If you’ve been following this blog for a while, you know that Pettigrew is a rescue dog and that when he joined our family, he was about two-and-a-half years old and sported a pronounced limp. To see an earlier post on this click here Is Your Dog Limping? Or, What Pettigrew Taught Me About Physical Impairments People would comment on his unusual gait on our long walks, but eventually we all learned to live with the commentary.

As a fourteen-year-old elder statesman, Pettigrew’s hobble is more pronounced. He also has a variety of bumps and one very ill-placed one bleeds on our walks, turning his white paws a bright red.

This is a dremel. Looks scary to me!

I spoke to the vet about it. She seemed unconcerned. She trimmed a claw that was in the way. Suggested I buy a dremmel, which is some kind of drill, for trimming claws. We thought about it, Pettigrew and I, and decided to skip.

Drivers stop in the middle of the street, cars stacked up behind and honking, to tell me my dog is limping and bleeding. Other walkers invariably point out his injury, yelling from across the street to share the news or accosting us as they pass with looks of horror and distress on their faces.

Members of my family have developed a variety of witty rejoinders to these people, including, “shhh, don’t talk about it. He doesn’t know.”

After our efforts in his youth to promote healing by putting socks and special dog booties on his paw, a trauma neither Pettigrew nor I want to revisit, I felt resigned to enduring the comments, stares, and the feeling that I was letting Pettigrew down, abusing the trust he had placed in us to take care of him body and soul.

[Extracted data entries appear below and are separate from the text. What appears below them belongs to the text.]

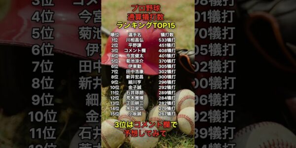 プロ野球 歴代通算記録ランキングです。 本動画は公式記録をもとに作成しています。…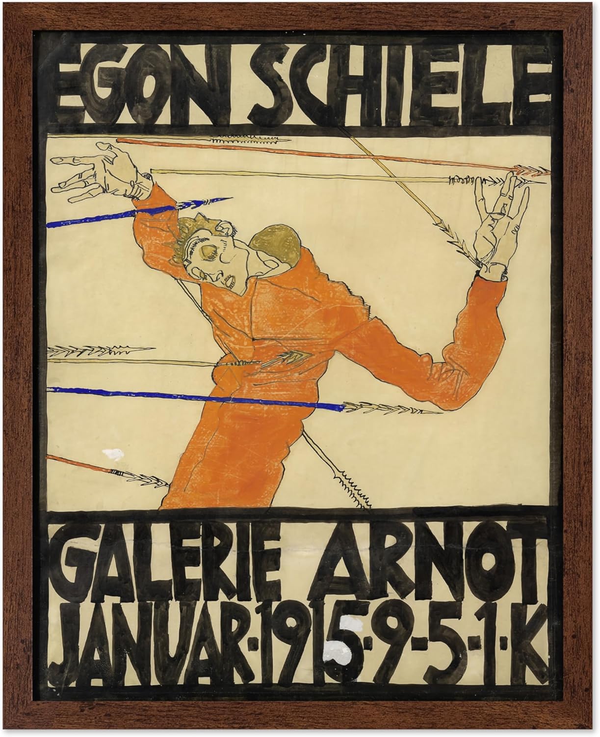 Poster Master Vintage Painting Poster - Retro Expressionism Print - Self Portrait as the Martyred St Sebastian - Gift for Artist, Friend - Wall Decor for Home, Office, 16x20 Brown Framed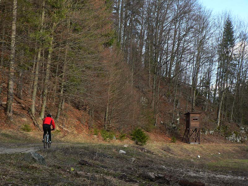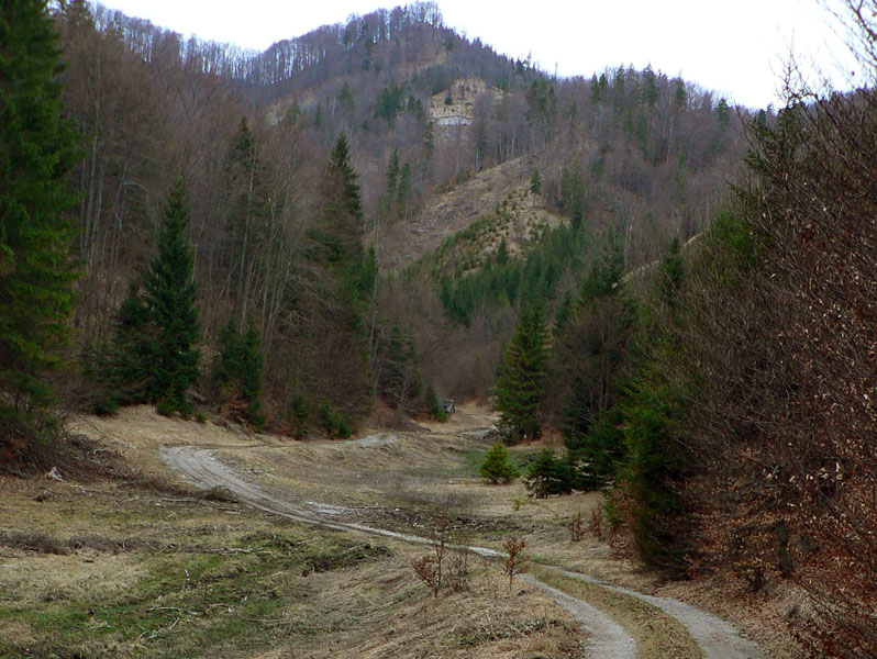Hore v sedle (približne 900m n.m.) sú dve možnosti, ak nerátame asfaltku: po zvážnici smer Kráľova studňa alebo pokračovanie starou cestou (inak žltá TZT) dole kopcom. Na začiatok len jedna serpentína, pozor na konáre pod hrubou vrstvou bukového lístia. O chvíľu je to už ale len rovný zjazd dolinou Bielej vody po čoraz civilizovanejšej lesnej ceste, spestrí to prejazd okolo ústia vetracej šachty toho nášho najdlhšieho tunela. Riadny komín je to! Bystrická strana cesty je vďaka bralám pestrejšia a strmšia, toto je na taký rodinný výlet. Cesta ústi na hlavnú pri horskom hoteli Bartoška, kúsok nad železničnou stanicou Čremošné. Posledný kilometer je to dokonca do kopca, kto by to čakal?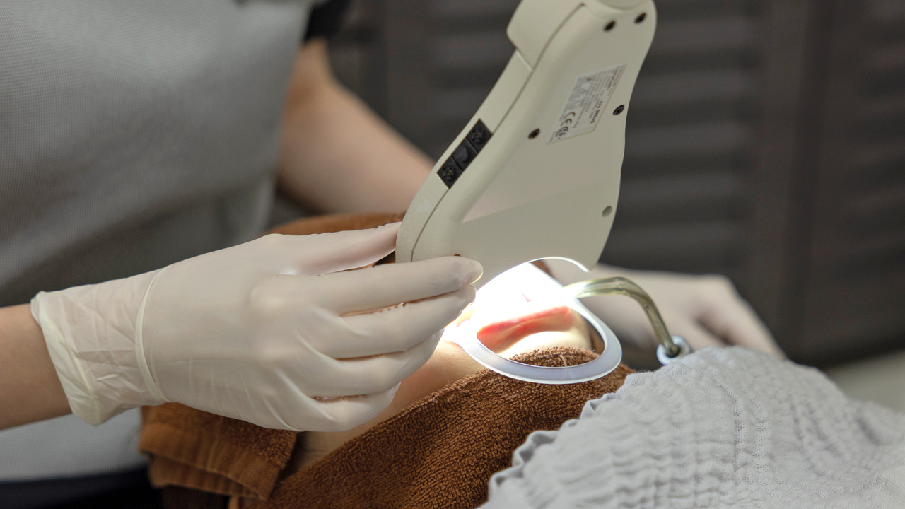 治療の説明:歯科医院内で行うホワイトニング。歯の表面に薬剤を塗り、光を照射して歯を白くする方法です。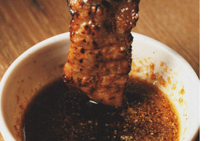 眞佐可の味を支えるのは、創業当時から受け継がれる門外不出の秘伝ダレ。そのレシピを知るのは、わずか三人のみです。果実の甘みとほどよい酸味が織りなすフルーティーな味わいは、肉の脂に負けない深いコクとキレを生み出し、肉の旨みを一層引き立てます。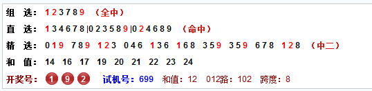 趋势分析:上期开出了192,都是热号球,冷号球依旧是比较冷的,所以本期重点还是需要关注热号球跟温号球的开出,本期可以重点关注013468。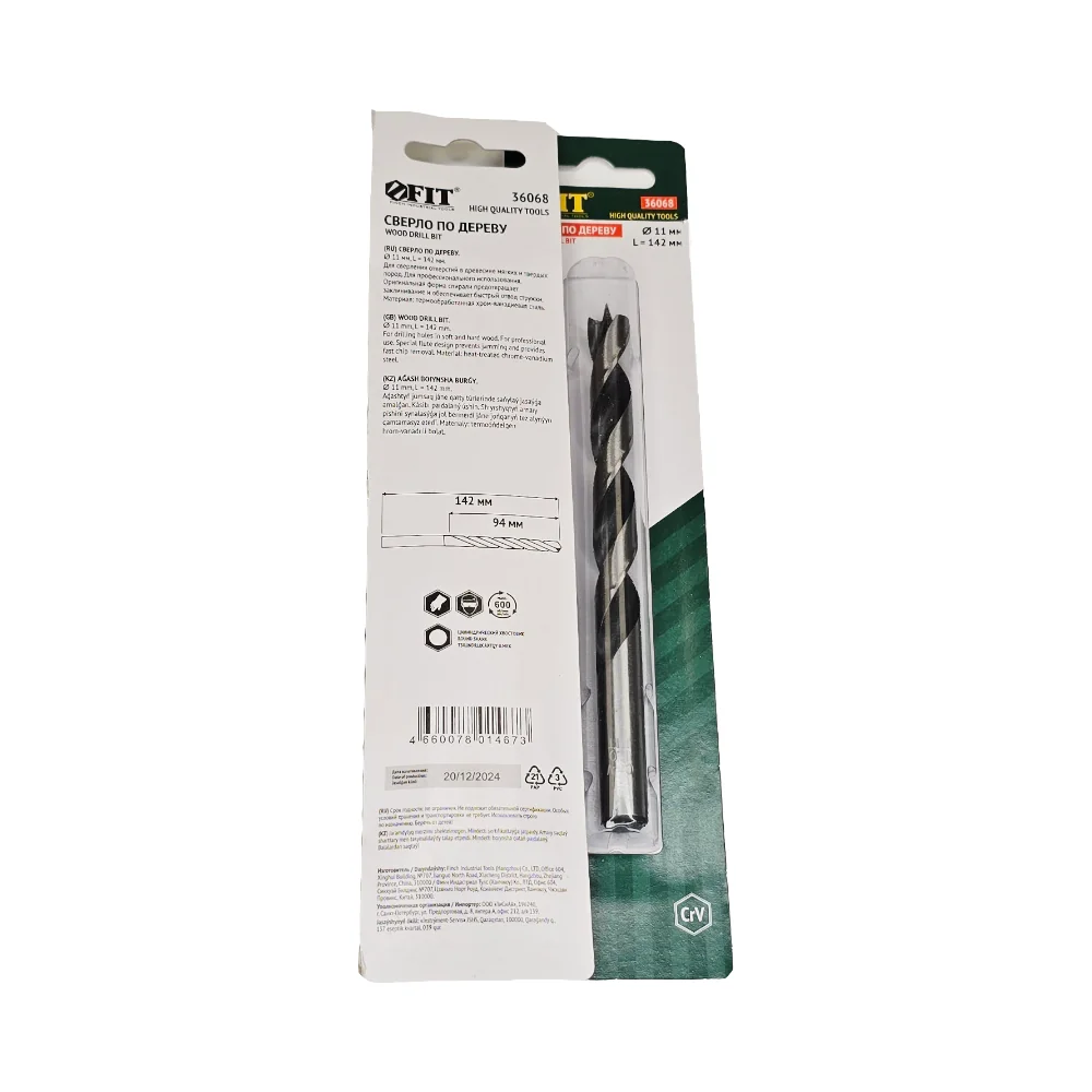 Сверло по дереву, CrV Профи 11 мм FIT — оснастка для инструмента для сверления, резки, шлифования, зачистки и демонтажа.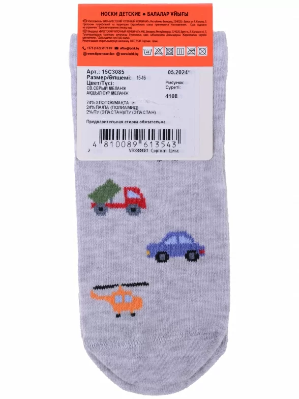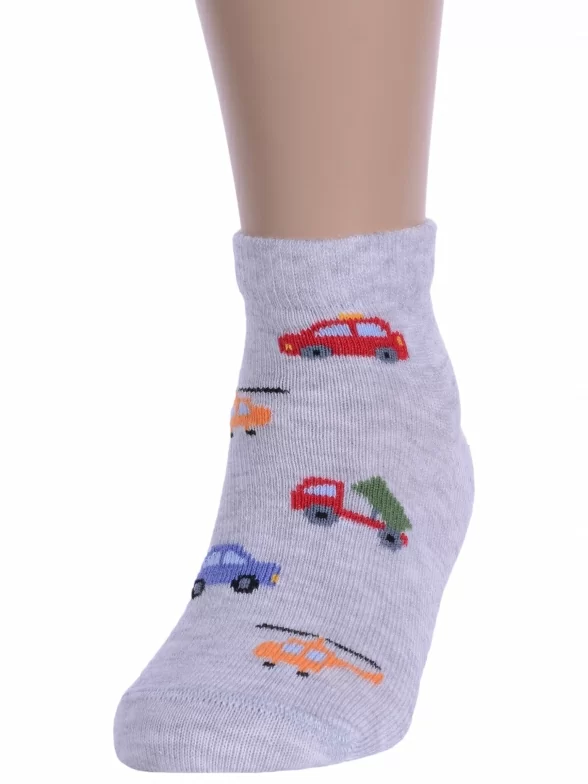 Круглогодичные укороченные детские носки, цвет серый, шов обычный (не бесшовные), принт (рисунок): транспорт, состав: 74% хлопок, 24% полиамид, 2% эластан, арт. 15С3085. Производитель «Брестский чулочный комбинат ОАО, Беларусь» под брендом «Брестские (бчк)».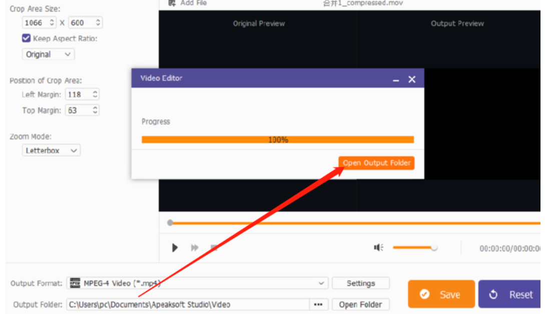6.点击Save按钮之后软件就会开始裁剪视频文件了,等到显示100%之后点击打开输出文件夹按钮即可查看裁剪之后的视频文件。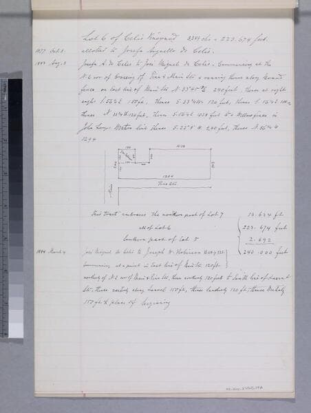 P. 11 of stapled document, "The Celis Vineyard Tract..." showing courses, distances of numbered lots (1-14) marked "discarded" at intersection of Main & Washington Sts. Reduced copy by Hansen of a sketch map by Miguel de Celis.. Alt. title supplied by cataloger.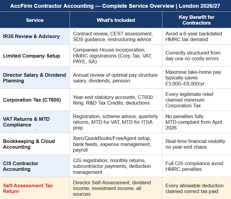 AccFirm London contractor clients benefit from a dedicated accountant with deep expertise in all aspects of contractor taxation IR35 reviews, limited company management, salary and dividend optimisation, VAT, and Making Tax Digital compliance. We are not a generalist accounting firm that happens to serve a few contractors. Contractor accounting is a core specialisation, and every client receives advice that reflects that depth of expertise.

But then a friend suggested I put a sock on his paw. While I wasn’t going that route again, it did make me question whether there was something, anything I could do.

My eyes fell on the self-adhering bandage wrap I had bought when my husband broke his toe. To learn more about this exciting chapter in our lives, read In My Own Voice #39: I’ve Got My Eyes on You. I now wrap a short strip over the bump on Pettigrew’s front leg and presto, no more blood on the walks. The stares have turned to looks of compassion; the comments are ones of concern. Instead of being branded an Unfeeling, Oblivious dog walker, I am the Caring Person worthy of Sympathy.

When I first wrapped Pettigrew’s paw, my hope was the protection would promote healing, allow the inflammation to subside, and the bump to recede. I’m not sure any of that has happened. But, will I continue to wrap his paw before we head outside? Absolutely. That one strip of bandage has transformed the way people perceive us.